• Activity:
Reproduce exactly the line that contains "Angle of incidence is" and every line after it through the end of the records below, leaving out all pictures.

• Material provided:
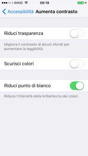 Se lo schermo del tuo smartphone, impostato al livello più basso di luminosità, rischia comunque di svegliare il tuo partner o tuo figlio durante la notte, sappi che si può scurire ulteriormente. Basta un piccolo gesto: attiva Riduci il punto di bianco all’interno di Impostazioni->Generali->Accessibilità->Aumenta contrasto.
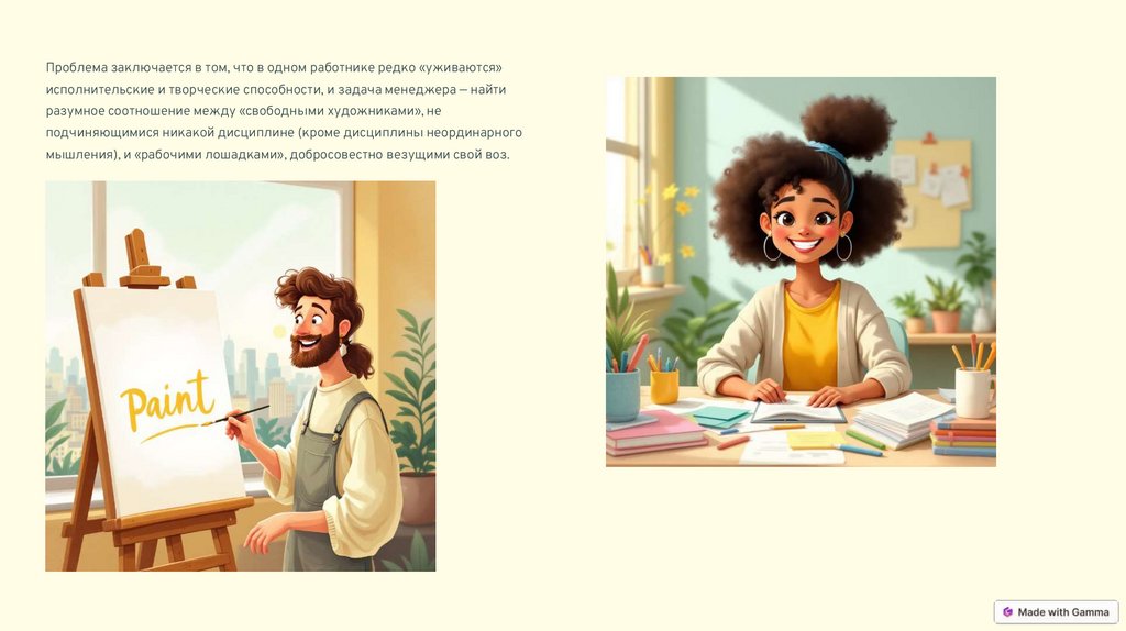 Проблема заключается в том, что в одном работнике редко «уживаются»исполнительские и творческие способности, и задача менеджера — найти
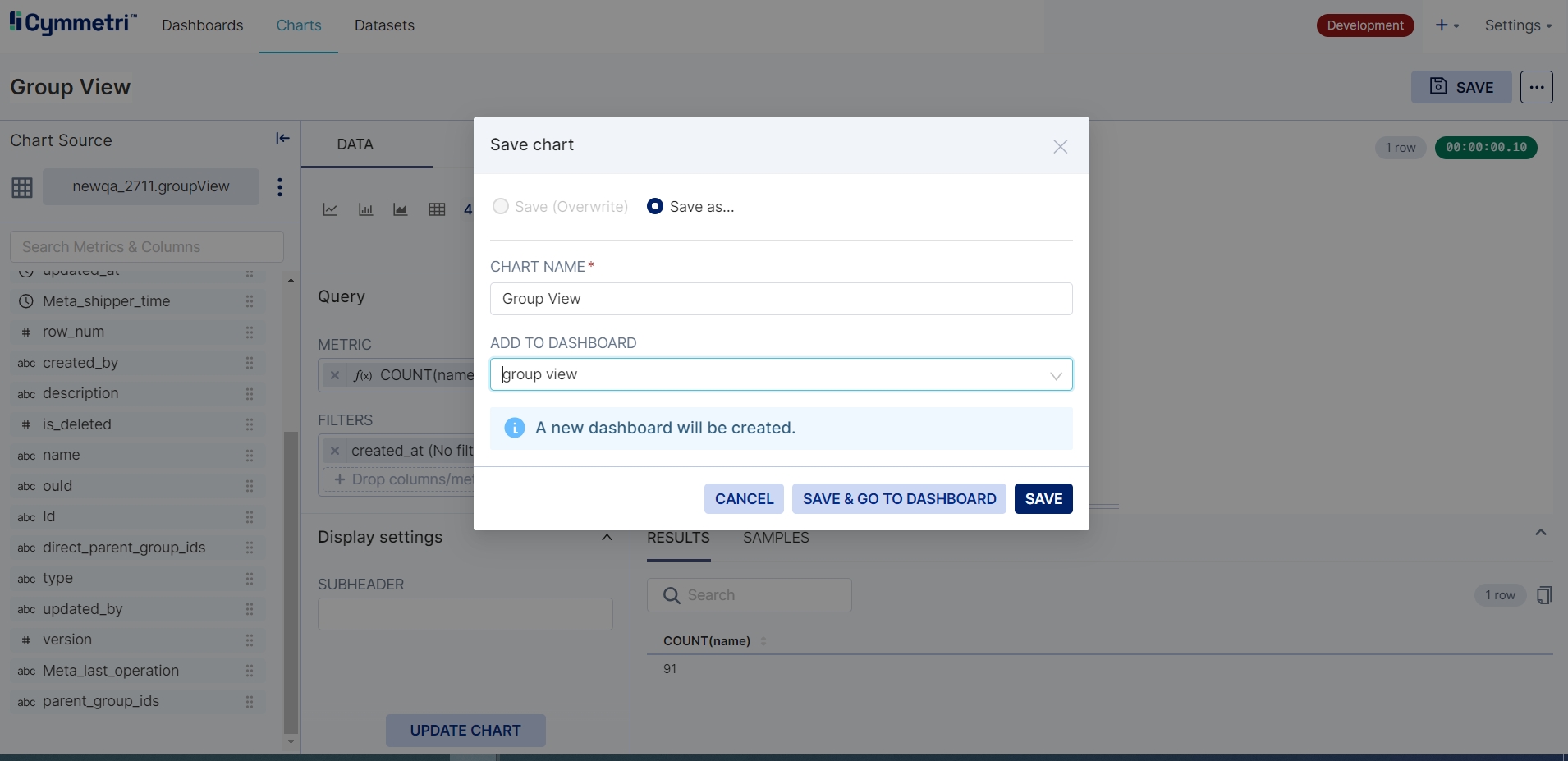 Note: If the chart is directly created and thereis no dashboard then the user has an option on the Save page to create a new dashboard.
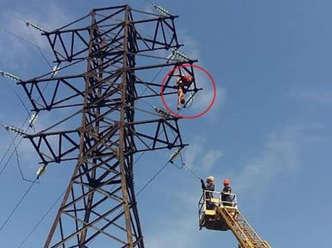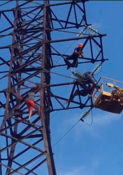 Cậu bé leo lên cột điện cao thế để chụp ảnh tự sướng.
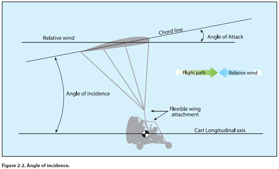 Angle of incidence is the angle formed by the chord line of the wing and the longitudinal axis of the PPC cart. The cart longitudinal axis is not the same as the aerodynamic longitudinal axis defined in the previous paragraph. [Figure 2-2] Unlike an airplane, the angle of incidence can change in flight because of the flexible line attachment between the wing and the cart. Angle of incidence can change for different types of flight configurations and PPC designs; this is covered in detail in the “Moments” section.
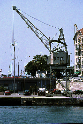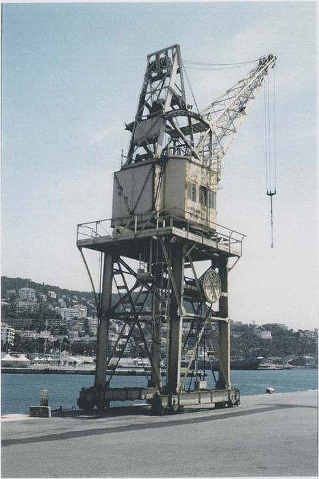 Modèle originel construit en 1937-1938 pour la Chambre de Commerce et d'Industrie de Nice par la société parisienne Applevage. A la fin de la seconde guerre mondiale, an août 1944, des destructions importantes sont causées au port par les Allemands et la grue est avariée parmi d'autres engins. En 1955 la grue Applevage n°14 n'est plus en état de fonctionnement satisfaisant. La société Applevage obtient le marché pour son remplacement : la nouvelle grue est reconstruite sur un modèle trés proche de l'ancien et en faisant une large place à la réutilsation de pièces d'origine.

• Result of this exercise:
 Angle of incidence is the angle formed by the chord line of the wing and the longitudinal axis of the PPC cart. The cart longitudinal axis is not the same as the aerodynamic longitudinal axis defined in the previous paragraph. [Figure 2-2] Unlike an airplane, the angle of incidence can change in flight because of the flexible line attachment between the wing and the cart. Angle of incidence can change for different types of flight configurations and PPC designs; this is covered in detail in the “Moments” section.
 Modèle originel construit en 1937-1938 pour la Chambre de Commerce et d'Industrie de Nice par la société parisienne Applevage. A la fin de la seconde guerre mondiale, an août 1944, des destructions importantes sont causées au port par les Allemands et la grue est avariée parmi d'autres engins. En 1955 la grue Applevage n°14 n'est plus en état de fonctionnement satisfaisant. La société Applevage obtient le marché pour son remplacement : la nouvelle grue est reconstruite sur un modèle trés proche de l'ancien et en faisant une large place à la réutilsation de pièces d'origine.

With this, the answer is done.